# [WORK TASK]
Give back exactly the lines from the start of the entries below to the line holding "- V-neck, adjustable", that line included, and leave every picture out.

* * * * *

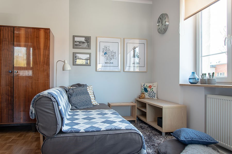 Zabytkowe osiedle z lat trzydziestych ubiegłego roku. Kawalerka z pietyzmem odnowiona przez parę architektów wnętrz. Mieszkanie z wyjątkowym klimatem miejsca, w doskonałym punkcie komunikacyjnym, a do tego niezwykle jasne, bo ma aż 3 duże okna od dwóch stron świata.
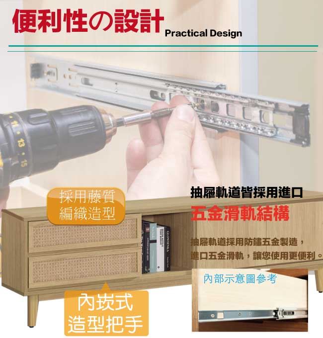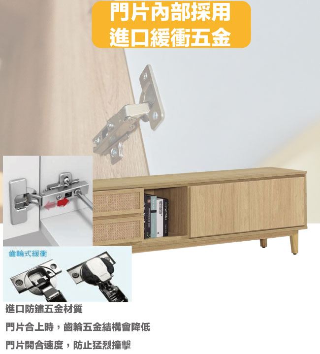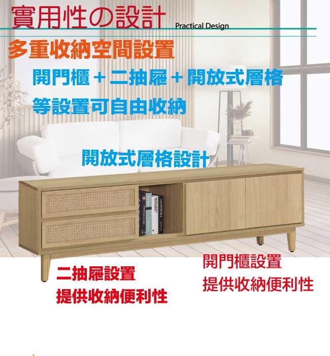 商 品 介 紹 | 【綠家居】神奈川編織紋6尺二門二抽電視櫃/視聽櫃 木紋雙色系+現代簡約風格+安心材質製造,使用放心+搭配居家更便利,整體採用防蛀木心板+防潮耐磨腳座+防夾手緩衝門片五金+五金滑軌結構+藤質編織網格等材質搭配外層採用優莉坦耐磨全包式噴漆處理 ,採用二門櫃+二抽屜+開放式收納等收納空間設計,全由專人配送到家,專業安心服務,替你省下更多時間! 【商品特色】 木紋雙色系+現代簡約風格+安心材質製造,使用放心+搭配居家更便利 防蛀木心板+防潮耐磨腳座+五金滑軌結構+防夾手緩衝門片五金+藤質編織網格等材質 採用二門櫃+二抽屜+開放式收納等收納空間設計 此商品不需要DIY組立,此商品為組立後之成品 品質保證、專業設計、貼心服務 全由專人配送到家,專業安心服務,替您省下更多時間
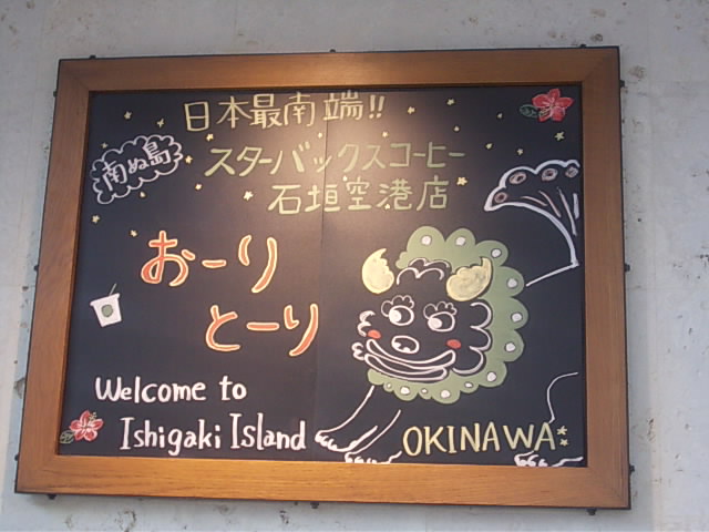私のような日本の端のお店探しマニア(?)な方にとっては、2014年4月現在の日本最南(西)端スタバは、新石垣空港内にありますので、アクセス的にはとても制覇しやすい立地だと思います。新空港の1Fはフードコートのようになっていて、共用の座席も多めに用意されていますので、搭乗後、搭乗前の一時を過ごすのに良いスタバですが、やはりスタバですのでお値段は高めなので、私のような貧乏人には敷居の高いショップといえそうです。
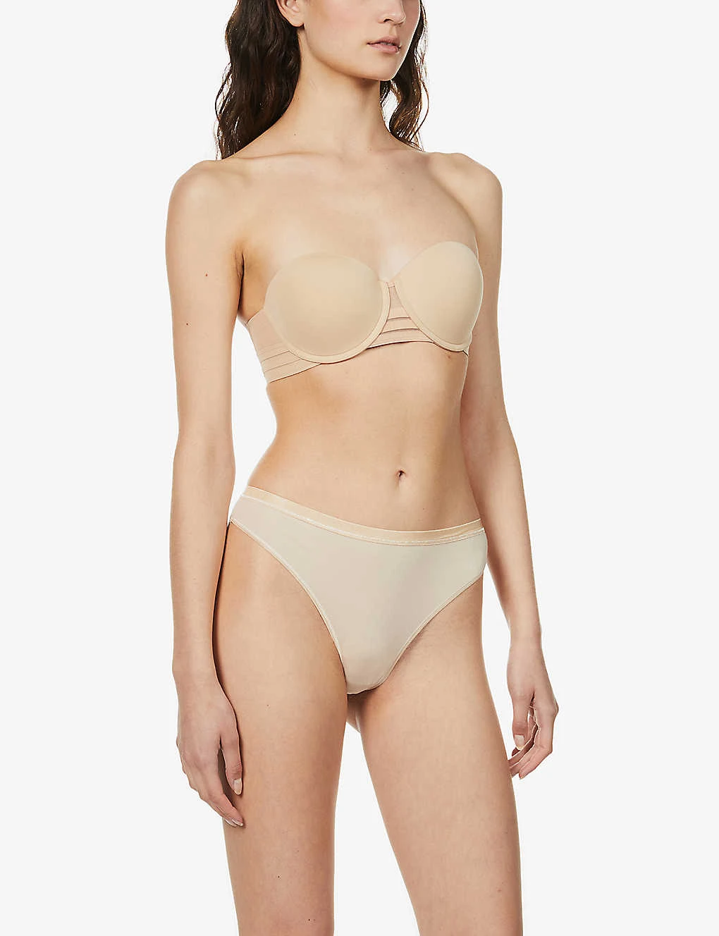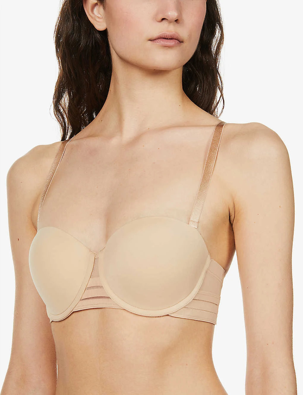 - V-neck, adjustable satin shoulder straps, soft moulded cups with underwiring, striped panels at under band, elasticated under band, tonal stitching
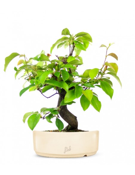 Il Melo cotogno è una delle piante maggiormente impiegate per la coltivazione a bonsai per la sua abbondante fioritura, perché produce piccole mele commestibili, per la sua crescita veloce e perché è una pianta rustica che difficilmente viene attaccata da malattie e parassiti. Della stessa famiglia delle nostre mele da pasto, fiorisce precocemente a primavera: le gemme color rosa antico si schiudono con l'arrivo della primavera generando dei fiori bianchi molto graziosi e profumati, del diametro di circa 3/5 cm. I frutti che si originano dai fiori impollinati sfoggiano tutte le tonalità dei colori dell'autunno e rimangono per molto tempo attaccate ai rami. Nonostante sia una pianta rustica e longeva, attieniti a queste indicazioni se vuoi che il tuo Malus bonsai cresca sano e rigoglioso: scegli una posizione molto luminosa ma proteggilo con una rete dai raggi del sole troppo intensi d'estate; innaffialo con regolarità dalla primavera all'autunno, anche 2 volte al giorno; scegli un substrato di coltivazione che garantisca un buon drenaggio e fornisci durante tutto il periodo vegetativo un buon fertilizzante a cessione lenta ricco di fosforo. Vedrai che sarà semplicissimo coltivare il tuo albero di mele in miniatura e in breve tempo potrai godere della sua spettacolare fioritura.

* * * * *

# [RESULT]
 Zabytkowe osiedle z lat trzydziestych ubiegłego roku. Kawalerka z pietyzmem odnowiona przez parę architektów wnętrz. Mieszkanie z wyjątkowym klimatem miejsca, w doskonałym punkcie komunikacyjnym, a do tego niezwykle jasne, bo ma aż 3 duże okna od dwóch stron świata.
 商 品 介 紹 | 【綠家居】神奈川編織紋6尺二門二抽電視櫃/視聽櫃 木紋雙色系+現代簡約風格+安心材質製造,使用放心+搭配居家更便利,整體採用防蛀木心板+防潮耐磨腳座+防夾手緩衝門片五金+五金滑軌結構+藤質編織網格等材質搭配外層採用優莉坦耐磨全包式噴漆處理 ,採用二門櫃+二抽屜+開放式收納等收納空間設計,全由專人配送到家,專業安心服務,替你省下更多時間! 【商品特色】 木紋雙色系+現代簡約風格+安心材質製造,使用放心+搭配居家更便利 防蛀木心板+防潮耐磨腳座+五金滑軌結構+防夾手緩衝門片五金+藤質編織網格等材質 採用二門櫃+二抽屜+開放式收納等收納空間設計 此商品不需要DIY組立,此商品為組立後之成品 品質保證、專業設計、貼心服務 全由專人配送到家,專業安心服務,替您省下更多時間
私のような日本の端のお店探しマニア(?)な方にとっては、2014年4月現在の日本最南(西)端スタバは、新石垣空港内にありますので、アクセス的にはとても制覇しやすい立地だと思います。新空港の1Fはフードコートのようになっていて、共用の座席も多めに用意されていますので、搭乗後、搭乗前の一時を過ごすのに良いスタバですが、やはりスタバですのでお値段は高めなので、私のような貧乏人には敷居の高いショップといえそうです。
 - V-neck, adjustable satin shoulder straps, soft moulded cups with underwiring, striped panels at under band, elasticated under band, tonal stitching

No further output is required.